▶ [ENTRIES SHOWN]
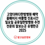 고양더하다한방병원 예약 홈페이지 어플앱 진료시간 일요일 공휴일한방병원 추천 전문의 잘보는곳 유명한곳 2025
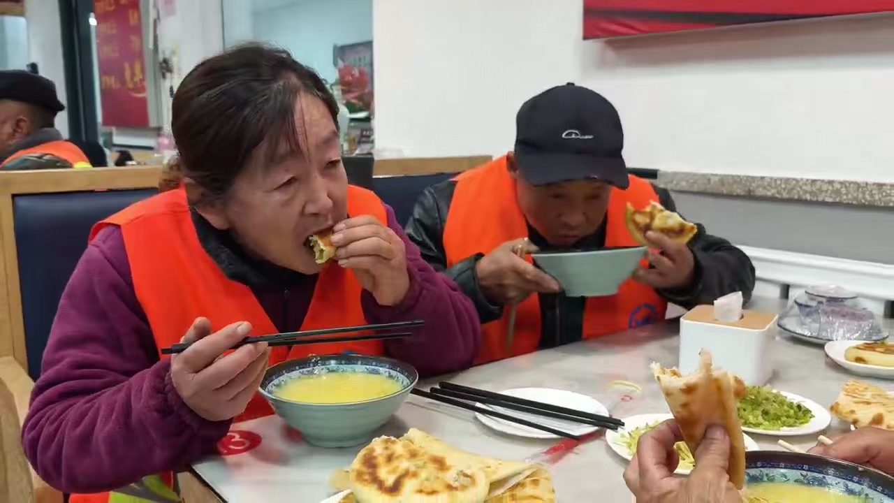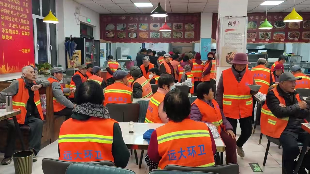 “挺好的,以前早饭只能凑合着吃点饼干,喝点开水。现在天冷了,能在屋里吃上热乎乎的饭菜,真的很感动,暖到心里了。”环卫工人缑玉素笑着说。
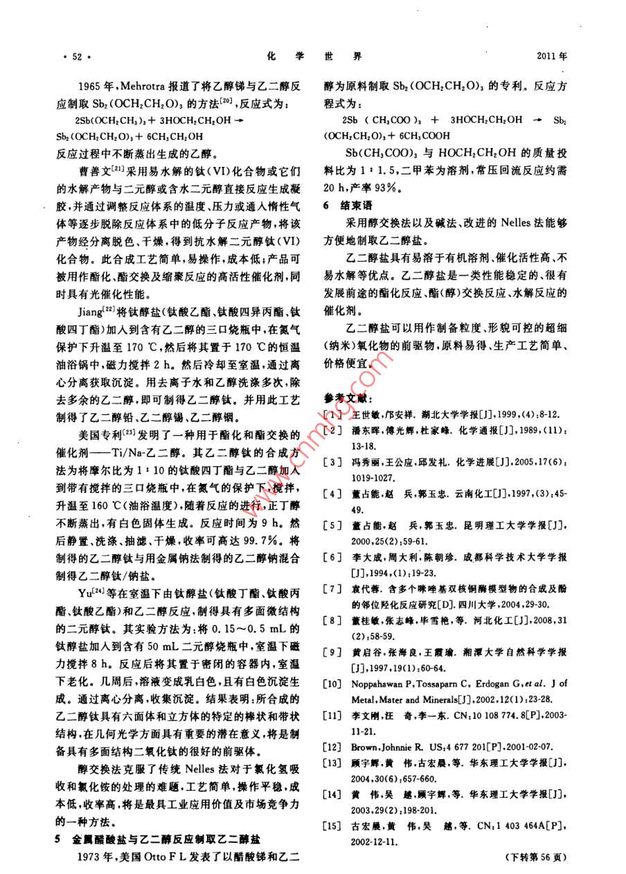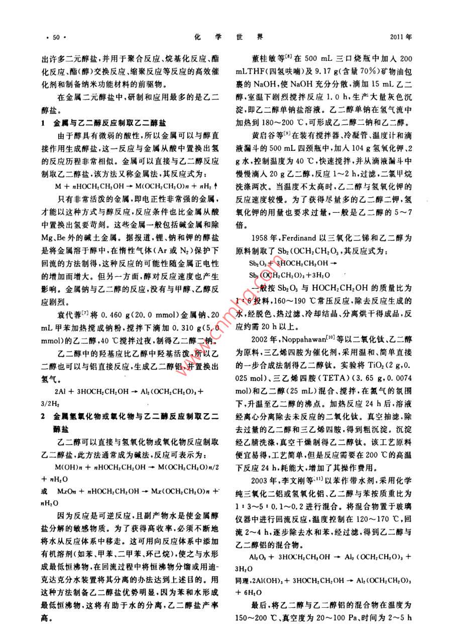 化學(xué)世界金屬乙二醇鹽合成工藝的研究沈國(guó)良2,張曉辰,李銀蘋,劉紅字,寧桂玲2(1沈陽(yáng)工業(yè)大學(xué)石油化工學(xué)院遼寧遼陽(yáng)1110032.大連理工大學(xué)化工學(xué)院,遼寧大連116012摘要:介紹了乙二醇鹽催化劑的合成研究進(jìn)展,詳細(xì)介紹和評(píng)述了金屬法、堿法、Nels法、醇交換法等制取乙二醇鈉、乙二醇鉀、乙二醇銻、乙二醇鈦、乙二醇鋁等二元醇鹽催化劑的工藝技術(shù),乙二醇鹽有著廣的應(yīng)用前景。關(guān)鍵詞:二元醇鹽;乙二醇鹽;金屬醇鹽;合成中圖分類號(hào):TQ223.16文獻(xiàn)標(biāo)志碼:A文章編號(hào):0367-6358(2011)01-0049-04Study on Synthesis Technology of Ethylene Glycol AlkoxidesSHEN Guo-liang, ZHANG Xiaochen, LI Yin-ping, LIU Hong-yu, NING Gui-ling2(School of Petrochemical Engineering, Shenyang Universty of Technology, Liaoning Liaoyang 111003, ChSchool of Chemical Engineering, Dalian University of Technology, Liaoning Dalian 116012, ChinaAbstract: The development on study of ethylene glycol alkoxides catalyst was reviewed. the synthesistechnology of ethylene glycol sodium, ethylene glycol potassium, ethylene glycol antimony, ethyleneglycol titanium and ethylene glycol aluminum catalysts by metal method alkaline method, Nelles methodand alcohol exchange method was introduced. The ethylene glycol alkoxides will find broad application inKey words: dihydroxyalcohol alkoxides; ethylene glycol alkoxides; metal alkoxides; synthesis金屬醇鹽是介于無(wú)機(jī)化合物和有機(jī)化合物之間備超細(xì)(納米)粉體時(shí)還需加入大量整合劑以減緩水的廣義金屬有機(jī)化合物的一部分。隨著醇鹽溶解程度,以便于控制粒度和形貌嚴(yán)重影響著金屬膠凝膠法( Sol-Gel)的迅猛發(fā)展極大地促進(jìn)了金屬鈦醇鹽的應(yīng)用醇鹽化學(xué)的研究(,并為開發(fā)醇鹽新用途和制備新在研究金屬一元醇鹽水解性能時(shí),為控制金屬材料奠定了基礎(chǔ))。目前,開展醇鹽合成性能應(yīng)一元醇鹽水解速率,一種有效而普遍使用的方法是用的研究已成為研究的熱點(diǎn)之一,既有較大的理論使用螯合劑,整合劑能與高活性的金屬醇鹽反應(yīng)形意義,又有重要的實(shí)用價(jià)值成螯合物,能夠降低水解速率。可用作鰲合劑的物但到目前,所合成的金屬醇鹽大都為單金屬、多質(zhì)有二元醇有機(jī)酸B二酮等其中采用二元醇作金屬的一元醇鹽。金屬的一元醇鹽是酯化反應(yīng)、鱉合劑時(shí),反應(yīng)通式如下酯(醇)交換反應(yīng)、縮聚反應(yīng)等重要反應(yīng)的高效催化M(OR)n +rHO-G-OH -(RO)2xM(OGO)r+劑,也可用作有機(jī)合成試劑、干燥劑,是近年來(lái)制備2xROH超細(xì)(納米)氧化物的主要原料。但是,金屬的一元金屬二元醇化合物能產(chǎn)生高的分子締合,通常醇鹽非常容易水解,就連采用溶膠一凝膠法水解制比原醇鹽難水解(。根據(jù)這一原理后來(lái)人們制備收稿日期:201008-16薔金項(xiàng)目:遼寧省教育廳科技計(jì)劃項(xiàng)目[2005303]作者簡(jiǎn)介:沈國(guó)良(1960~),男,遼寧大連人,教授從辜化學(xué)工藝學(xué)科研究工作,Emil"gl6666126.com化學(xué)世界11年出許多二元醇鹽,并用于聚合反應(yīng)、烷基化反應(yīng)、酯董桂敏等在500mL三口燒瓶中加入200化反應(yīng)酯(醇)交換反應(yīng)縮聚反應(yīng)等反應(yīng)的高效催 mLTHF(四氫呋喃)及9.17g(含量70%)礦物油包化劑和制備納米功能材料的前驅(qū)物裹的NaOH,使NaOH充分分散,滴加15mL乙二在金屬二元醇鹽中,研制和應(yīng)用最多的是乙二醇室溫下劇烈攪拌反應(yīng)1.0h,生產(chǎn)大量灰色沉醇鹽。淀,即乙二醇單鈉鹽溶液。乙二醇單鈉在氫氣流中1金屬與乙二醇反應(yīng)制取乙二醇加熱到180~200℃,可形成乙二醇二鈉和乙二醇。由于醇具有微弱的酸性,所以金屬可以與醇直黃啟谷等在裝有攪拌器冷凝管、溫度計(jì)和滴接作用生成醇鹽,這一反應(yīng)與金屬?gòu)乃嶂兄脫Q出氫液漏斗的500mL四頸瓶中,加人104g氫氧化鉀、2的反應(yīng)歷程非常相似。金屬可以直接與乙二醇反應(yīng)g水,控制溫度為40℃,快速攪拌,并從滴液漏斗中制取乙二醇鹽,該方法又稱金屬法,其反應(yīng)式為:慢慢滴入20g乙二醇,反應(yīng)1~2h,過濾,二氯甲烷M+ nHOCH2CH2OH→M(OCH2CH2O)n+nhH2↑洗滌兩次。當(dāng)溫度不太高時(shí),乙二醇與氫氧化鉀的只有非?;顫姷慕饘?即電正性非常強(qiáng)的金屬,反應(yīng)速度較慢。為了獲得盡量多的乙二醇二鉀氫才能以這種方式與醇反應(yīng),反應(yīng)條件也比金屬?gòu)乃嵫趸浀挠昧恳惨筮^量,一般是乙二醇的5~中置換出氫要苛刻。這些金屬一般包括堿金屬和除倍Mg、Be外的堿土金屬。據(jù)報(bào)道,鋰、鈉和鉀的醇鹽1958年, Ferdinand以三氧化二銻和乙二醇為是將金屬溶于醇中,在情性氣體(Ar或N2)保護(hù)下原料制取了Sb2(OCH2CH2O3,其反應(yīng)式為:回流的方法制得,這種反應(yīng)的可能性隨金屬正電性Sb2O3+3HOCH2CH2OH→的增加而增大。但另一方面,醇對(duì)反應(yīng)速度也產(chǎn)生Sbz(OCH; CH2O)+3H,O影響。金屬鈉與乙二醇的反應(yīng),沒有與甲醇、乙醇反般按Sb2O3與HOCH2CH2OH的質(zhì)量比為應(yīng)劇烈1:6投料,160~190℃常壓反應(yīng),除去反應(yīng)生成的袁代蓉口將0.46g(20.0mmol)金屬鈉、20水,經(jīng)脫色、熱過濾冷卻結(jié)晶、分離烘干得成品,反mL甲苯加熱攪成鈉粉,攪拌下滴加0.310g(5.0應(yīng)約需20h以上mo)的乙二醇40℃攪拌過夜,制得乙二醇二鈉2002年, Noppahawan
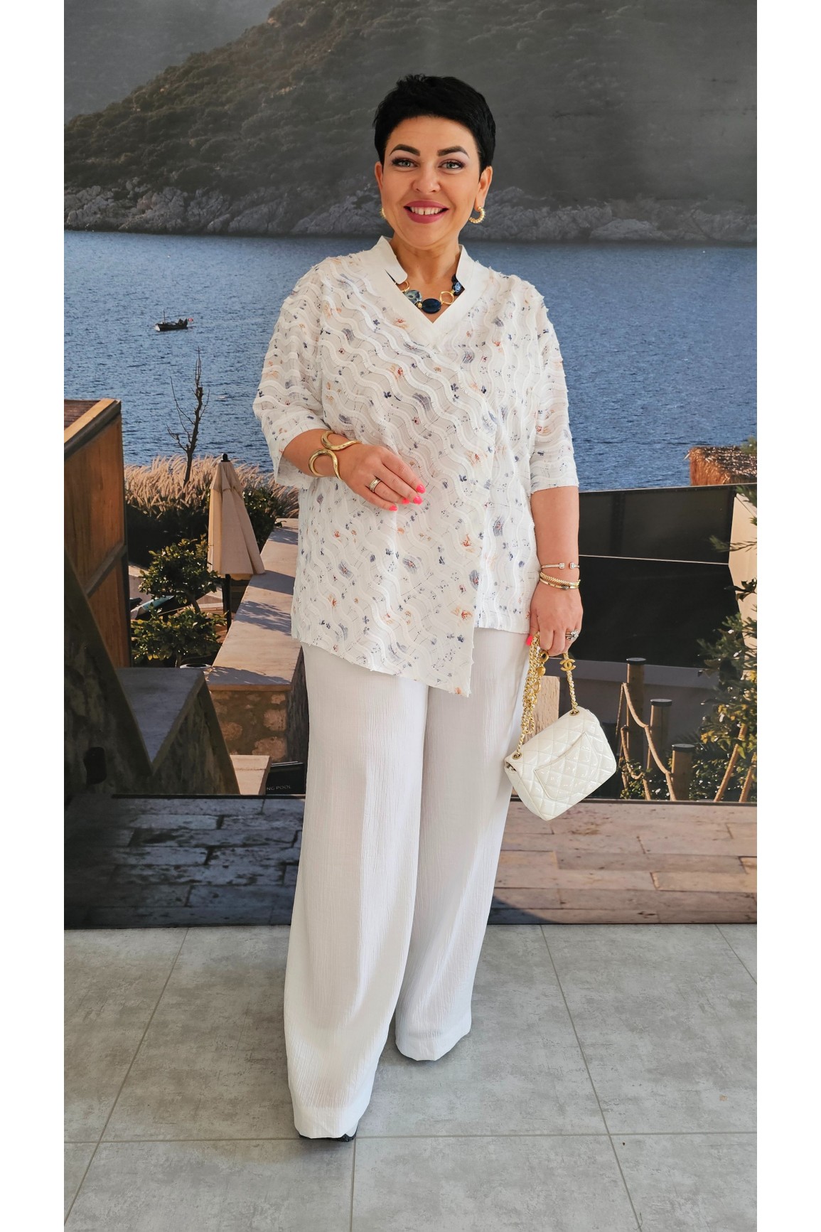 | Размер | ОГ Блузки | Ширина блузки на уровне линии бедер | ширина рукава вверху | ОТ брюк | ширина на уровне среднего шва |
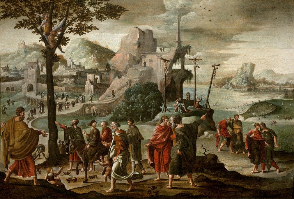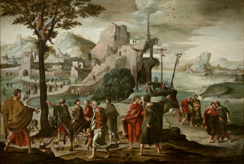 De intocht van Christus in Jeruzalem vindt plaats in een bergachtig landschap met links de stad Jeruzalem en rechts een rivier. Op de voorgrond rijdt Christus op de ezel naar Jeruzalem, begeleid door de apostelen. Links van de stoet een hoge boom met twee figuren die takken afrukken om de weg te bedekken. Op het ...
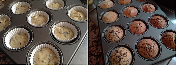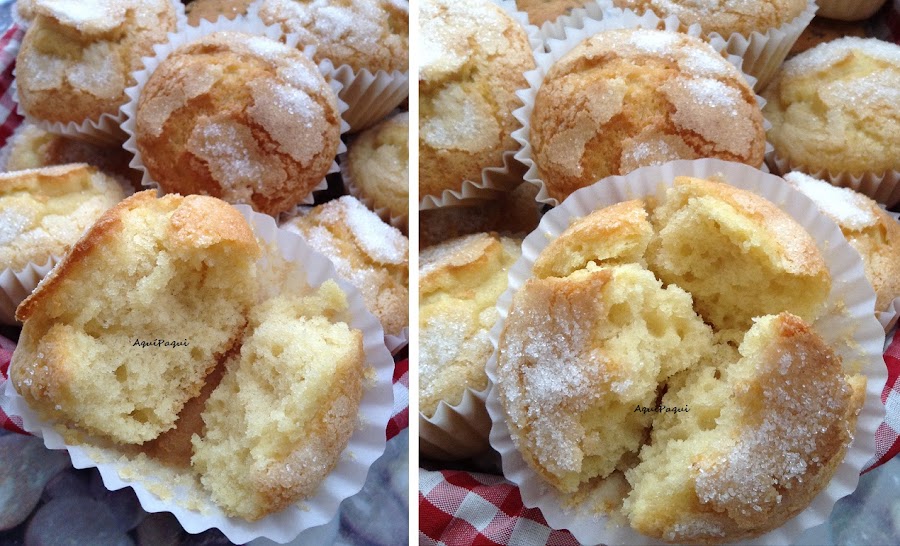 La mitad de la masa la utilicé tal cual rellenando moldecitos hasta 2/3 de capacidad y espolvoreando un poco de azúcar por encima antes de hornear.

▶ [TASK REQUIREMENTS] Only the pictures are to be omitted; restate everything else above exactly.

▶ [ANSWER TO THIS TASK]
 고양더하다한방병원 예약 홈페이지 어플앱 진료시간 일요일 공휴일한방병원 추천 전문의 잘보는곳 유명한곳 2025
 “挺好的,以前早饭只能凑合着吃点饼干,喝点开水。现在天冷了,能在屋里吃上热乎乎的饭菜,真的很感动,暖到心里了。”环卫工人缑玉素笑着说。
 化學(xué)世界金屬乙二醇鹽合成工藝的研究沈國(guó)良2,張曉辰,李銀蘋,劉紅字,寧桂玲2(1沈陽(yáng)工業(yè)大學(xué)石油化工學(xué)院遼寧遼陽(yáng)1110032.大連理工大學(xué)化工學(xué)院,遼寧大連116012摘要:介紹了乙二醇鹽催化劑的合成研究進(jìn)展,詳細(xì)介紹和評(píng)述了金屬法、堿法、Nels法、醇交換法等制取乙二醇鈉、乙二醇鉀、乙二醇銻、乙二醇鈦、乙二醇鋁等二元醇鹽催化劑的工藝技術(shù),乙二醇鹽有著廣的應(yīng)用前景。關(guān)鍵詞:二元醇鹽;乙二醇鹽;金屬醇鹽;合成中圖分類號(hào):TQ223.16文獻(xiàn)標(biāo)志碼:A文章編號(hào):0367-6358(2011)01-0049-04Study on Synthesis Technology of Ethylene Glycol AlkoxidesSHEN Guo-liang, ZHANG Xiaochen, LI Yin-ping, LIU Hong-yu, NING Gui-ling2(School of Petrochemical Engineering, Shenyang Universty of Technology, Liaoning Liaoyang 111003, ChSchool of Chemical Engineering, Dalian University of Technology, Liaoning Dalian 116012, ChinaAbstract: The development on study of ethylene glycol alkoxides catalyst was reviewed. the synthesistechnology of ethylene glycol sodium, ethylene glycol potassium, ethylene glycol antimony, ethyleneglycol titanium and ethylene glycol aluminum catalysts by metal method alkaline method, Nelles methodand alcohol exchange method was introduced. The ethylene glycol alkoxides will find broad application inKey words: dihydroxyalcohol alkoxides; ethylene glycol alkoxides; metal alkoxides; synthesis金屬醇鹽是介于無(wú)機(jī)化合物和有機(jī)化合物之間備超細(xì)(納米)粉體時(shí)還需加入大量整合劑以減緩水的廣義金屬有機(jī)化合物的一部分。隨著醇鹽溶解程度,以便于控制粒度和形貌嚴(yán)重影響著金屬膠凝膠法( Sol-Gel)的迅猛發(fā)展極大地促進(jìn)了金屬鈦醇鹽的應(yīng)用醇鹽化學(xué)的研究(,并為開發(fā)醇鹽新用途和制備新在研究金屬一元醇鹽水解性能時(shí),為控制金屬材料奠定了基礎(chǔ))。目前,開展醇鹽合成性能應(yīng)一元醇鹽水解速率,一種有效而普遍使用的方法是用的研究已成為研究的熱點(diǎn)之一,既有較大的理論使用螯合劑,整合劑能與高活性的金屬醇鹽反應(yīng)形意義,又有重要的實(shí)用價(jià)值成螯合物,能夠降低水解速率。可用作鰲合劑的物但到目前,所合成的金屬醇鹽大都為單金屬、多質(zhì)有二元醇有機(jī)酸B二酮等其中采用二元醇作金屬的一元醇鹽。金屬的一元醇鹽是酯化反應(yīng)、鱉合劑時(shí),反應(yīng)通式如下酯(醇)交換反應(yīng)、縮聚反應(yīng)等重要反應(yīng)的高效催化M(OR)n +rHO-G-OH -(RO)2xM(OGO)r+劑,也可用作有機(jī)合成試劑、干燥劑,是近年來(lái)制備2xROH超細(xì)(納米)氧化物的主要原料。但是,金屬的一元金屬二元醇化合物能產(chǎn)生高的分子締合,通常醇鹽非常容易水解,就連采用溶膠一凝膠法水解制比原醇鹽難水解(。根據(jù)這一原理后來(lái)人們制備收稿日期:201008-16薔金項(xiàng)目:遼寧省教育廳科技計(jì)劃項(xiàng)目[2005303]作者簡(jiǎn)介:沈國(guó)良(1960~),男,遼寧大連人,教授從辜化學(xué)工藝學(xué)科研究工作,Emil"gl6666126.com化學(xué)世界11年出許多二元醇鹽,并用于聚合反應(yīng)、烷基化反應(yīng)、酯董桂敏等在500mL三口燒瓶中加入200化反應(yīng)酯(醇)交換反應(yīng)縮聚反應(yīng)等反應(yīng)的高效催 mLTHF(四氫呋喃)及9.17g(含量70%)礦物油包化劑和制備納米功能材料的前驅(qū)物裹的NaOH,使NaOH充分分散,滴加15mL乙二在金屬二元醇鹽中,研制和應(yīng)用最多的是乙二醇室溫下劇烈攪拌反應(yīng)1.0h,生產(chǎn)大量灰色沉醇鹽。淀,即乙二醇單鈉鹽溶液。乙二醇單鈉在氫氣流中1金屬與乙二醇反應(yīng)制取乙二醇加熱到180~200℃,可形成乙二醇二鈉和乙二醇。由于醇具有微弱的酸性,所以金屬可以與醇直黃啟谷等在裝有攪拌器冷凝管、溫度計(jì)和滴接作用生成醇鹽,這一反應(yīng)與金屬?gòu)乃嶂兄脫Q出氫液漏斗的500mL四頸瓶中,加人104g氫氧化鉀、2的反應(yīng)歷程非常相似。金屬可以直接與乙二醇反應(yīng)g水,控制溫度為40℃,快速攪拌,并從滴液漏斗中制取乙二醇鹽,該方法又稱金屬法,其反應(yīng)式為:慢慢滴入20g乙二醇,反應(yīng)1~2h,過濾,二氯甲烷M+ nHOCH2CH2OH→M(OCH2CH2O)n+nhH2↑洗滌兩次。當(dāng)溫度不太高時(shí),乙二醇與氫氧化鉀的只有非?;顫姷慕饘?即電正性非常強(qiáng)的金屬,反應(yīng)速度較慢。為了獲得盡量多的乙二醇二鉀氫才能以這種方式與醇反應(yīng),反應(yīng)條件也比金屬?gòu)乃嵫趸浀挠昧恳惨筮^量,一般是乙二醇的5~中置換出氫要苛刻。這些金屬一般包括堿金屬和除倍Mg、Be外的堿土金屬。據(jù)報(bào)道,鋰、鈉和鉀的醇鹽1958年, Ferdinand以三氧化二銻和乙二醇為是將金屬溶于醇中,在情性氣體(Ar或N2)保護(hù)下原料制取了Sb2(OCH2CH2O3,其反應(yīng)式為:回流的方法制得,這種反應(yīng)的可能性隨金屬正電性Sb2O3+3HOCH2CH2OH→的增加而增大。但另一方面,醇對(duì)反應(yīng)速度也產(chǎn)生Sbz(OCH; CH2O)+3H,O影響。金屬鈉與乙二醇的反應(yīng),沒有與甲醇、乙醇反般按Sb2O3與HOCH2CH2OH的質(zhì)量比為應(yīng)劇烈1:6投料,160~190℃常壓反應(yīng),除去反應(yīng)生成的袁代蓉口將0.46g(20.0mmol)金屬鈉、20水,經(jīng)脫色、熱過濾冷卻結(jié)晶、分離烘干得成品,反mL甲苯加熱攪成鈉粉,攪拌下滴加0.310g(5.0應(yīng)約需20h以上mo)的乙二醇40℃攪拌過夜,制得乙二醇二鈉2002年, Noppahawan
 | Размер | ОГ Блузки | Ширина блузки на уровне линии бедер | ширина рукава вверху | ОТ брюк | ширина на уровне среднего шва |
 De intocht van Christus in Jeruzalem vindt plaats in een bergachtig landschap met links de stad Jeruzalem en rechts een rivier. Op de voorgrond rijdt Christus op de ezel naar Jeruzalem, begeleid door de apostelen. Links van de stoet een hoge boom met twee figuren die takken afrukken om de weg te bedekken. Op het ...
 La mitad de la masa la utilicé tal cual rellenando moldecitos hasta 2/3 de capacidad y espolvoreando un poco de azúcar por encima antes de hornear.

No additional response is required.